In POSIX systems, you don't find -r parameter for grep and your grep -rn "stuff" . won't run, but if you use find command it will:
find . -type f -exec grep -n "stuff" {} \; -print
Agreed by Solaris and HP-UX.
If you only want to follow actual directories, and not symbolic links,
grep -r "thingToBeFound" directory
If you want to follow symbolic links as well as actual directories (be careful of infinite recursion),
grep -R "thing to be found" directory
Since you're trying to grep recursively, the following options may also be useful to you:
-H: outputs the filename with the line
-n: outputs the line number in the file
So if you want to find all files containing Darth Vader in the current directory or any subdirectories and capture the filename and line number, but do not want the recursion to follow symbolic links, the command would be
grep -rnH "Darth Vader" .
If you want to find all mentions of the word cat in the directory
/home/adam/Desktop/TomAndJerry
and you're currently in the directory
/home/adam/Desktop/WorldDominationPlot
and you want to capture the filename but not the line number of any instance of the string "cats", and you want the recursion to follow symbolic links if it finds them, you could run either of the following
grep -RH "cats" ../TomAndJerry #relative directory
grep -RH "cats" /home/adam/Desktop/TomAndJerry #absolute directory
Source:
running "grep --help"
A short introduction to symbolic links, for anyone reading this answer and confused by my reference to them:
https://www.nixtutor.com/freebsd/understanding-symbolic-links/
To find name of files with path recursively containing the particular string use below command
for UNIX:
find . | xargs grep "searched-string"
for Linux:
grep -r "searched-string" .
find a file on UNIX server
find . -type f -name file_name
find a file on LINUX server
find . -name file_name
just the filenames can be useful too
grep -r -l "foo" .
another syntax to grep a string in all files on a Linux system recursively
grep -irn "string"
the -r indicates a recursive search that searches for the specified string in the given directory and sub directory looking for the specified string in files, program, etc
-i ingnore case sensitive can be used to add inverted case string
-n prints the line number of the specified string
NB: this prints massive result to the console so you might need to filter the output by piping and remove less interesting bits of info it also searches binary programs so you might want to filter some of the results
ag is my favorite way to do this now github.com/ggreer/the_silver_searcher . It's basically the same thing as ack but with a few more optimizations.
Here's a short benchmark. I clear the cache before each test (cf https://askubuntu.com/questions/155768/how-do-i-clean-or-disable-the-memory-cache )

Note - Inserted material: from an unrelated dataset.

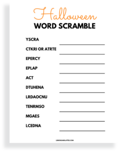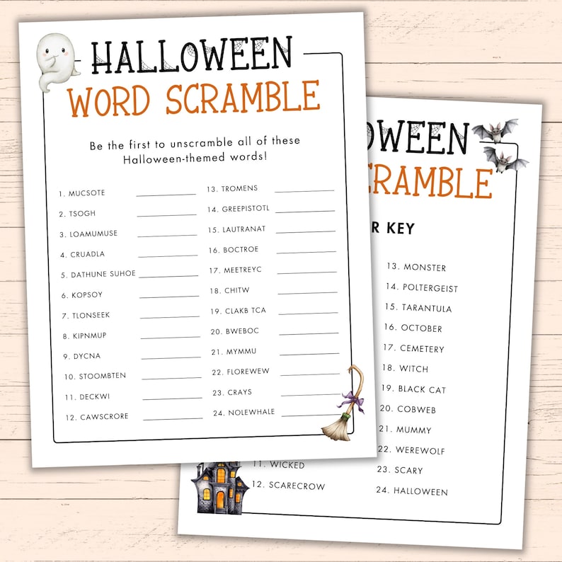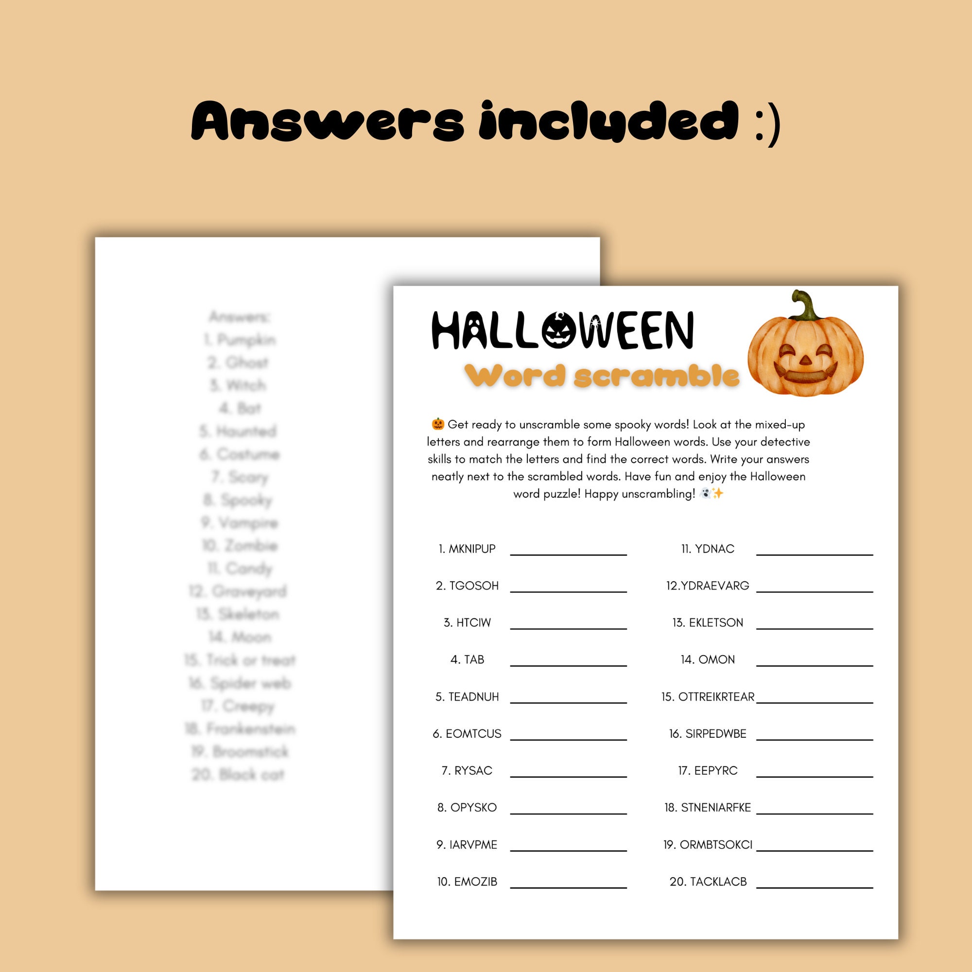 Halloween Word Scramble Printable Game for Kids and Adults With Answers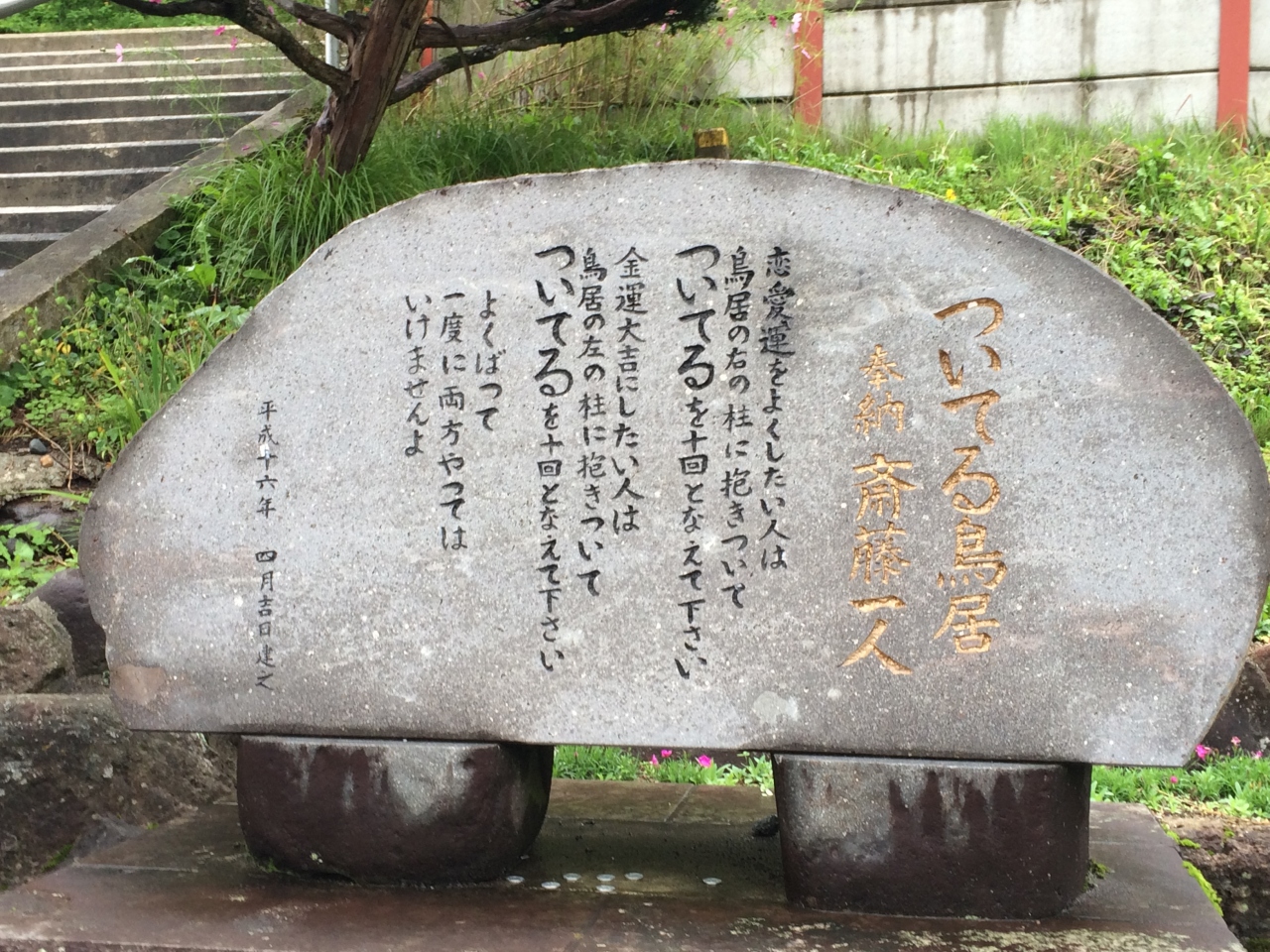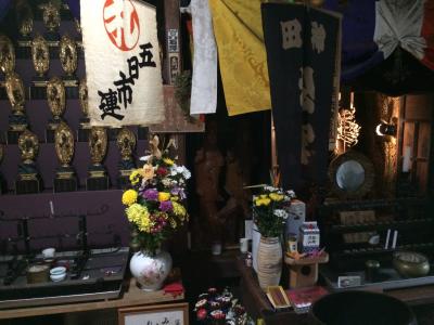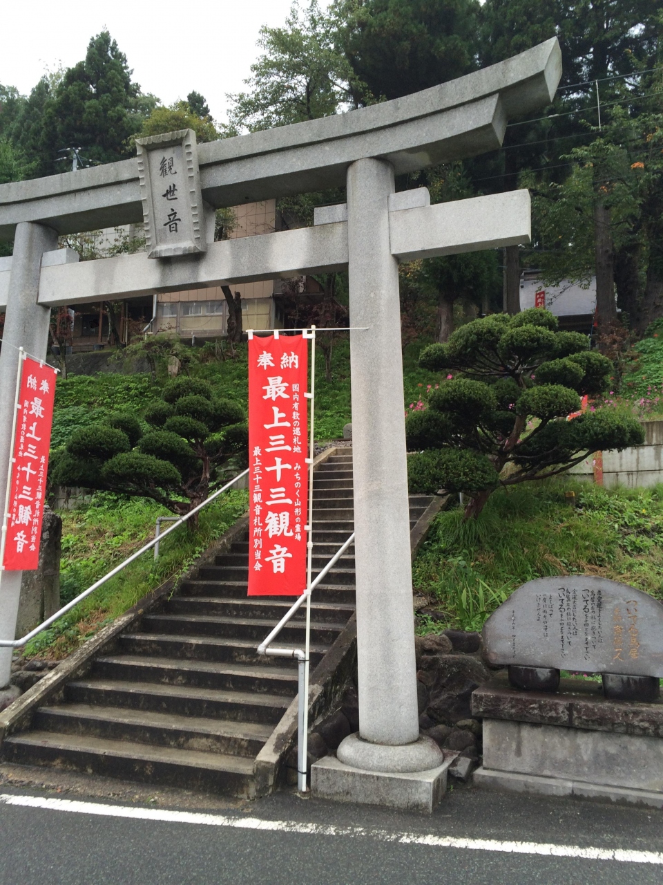 山寺の帰りにお土産やに聞いて千手院(最上三十三観音二番札所)に行ってきました。山寺から1キロ位奥にありますが、山寺は沢山の人がいたのに全く人はいませんでしたし、駐車場も道路脇に停めました。鳥居があるのですが、鳥居を登ると線路があり踏切のない線路を渡って階段を登ると神社があります。階段の途中に2人の人が居て話をしていると、殆ど人は来ないそうです。珍しいのか本堂の中を見せてくれたので参拝しました。帰りには鳥居の石碑を読んで帰れと言うので行ってみると、その脇に石碑があり、ついてる鳥居と書いてあり、恋愛運をよくしたい人は鳥居の右の柱に抱き着いて「ついてる」を10回となえて下さい。金運大吉にしたい人は、鳥居の左の柱に抱き着いて「ついてる」を10回となえて下さい。また、欲張って一度に両方やってはいけませんよ、と刻んであるので金運の柱に抱き着きました。非常にユニークで面白かったです。

ryan#3G08$ sync && echo 3 | sudo tee /proc/sys/vm/drop_caches
3
ryan#3G08$ time grep -r "hey ya" .
real 0m9.458s
user 0m0.368s
sys 0m3.788s
ryan#3G08:$ sync && echo 3 | sudo tee /proc/sys/vm/drop_caches
3
ryan#3G08$ time ack-grep "hey ya" .
real 0m6.296s
user 0m0.716s
sys 0m1.056s
ryan#3G08$ sync && echo 3 | sudo tee /proc/sys/vm/drop_caches
3
ryan#3G08$ time ag "hey ya" .
real 0m5.641s
user 0m0.356s
sys 0m3.444s
ryan#3G08$ time ag "hey ya" . #test without first clearing cache
real 0m0.154s
user 0m0.224s
sys 0m0.172s
This should work:
grep -R "texthere" *
If you are looking for a specific content in all files from a directory structure, you may use find since it is more clear what you are doing:
find -type f -exec grep -l "texthere" {} +
Note that -l (downcase of L) shows the name of the file that contains the text. Remove it if you instead want to print the match itself. Or use -H to get the file together with the match. All together, other alternatives are:
find -type f -exec grep -Hn "texthere" {} +
Where -n prints the line number.
This is the one that worked for my case on my current machine (git bash on windows 7):
find ./ -type f -iname "*.cs" -print0 | xargs -0 grep "content pattern"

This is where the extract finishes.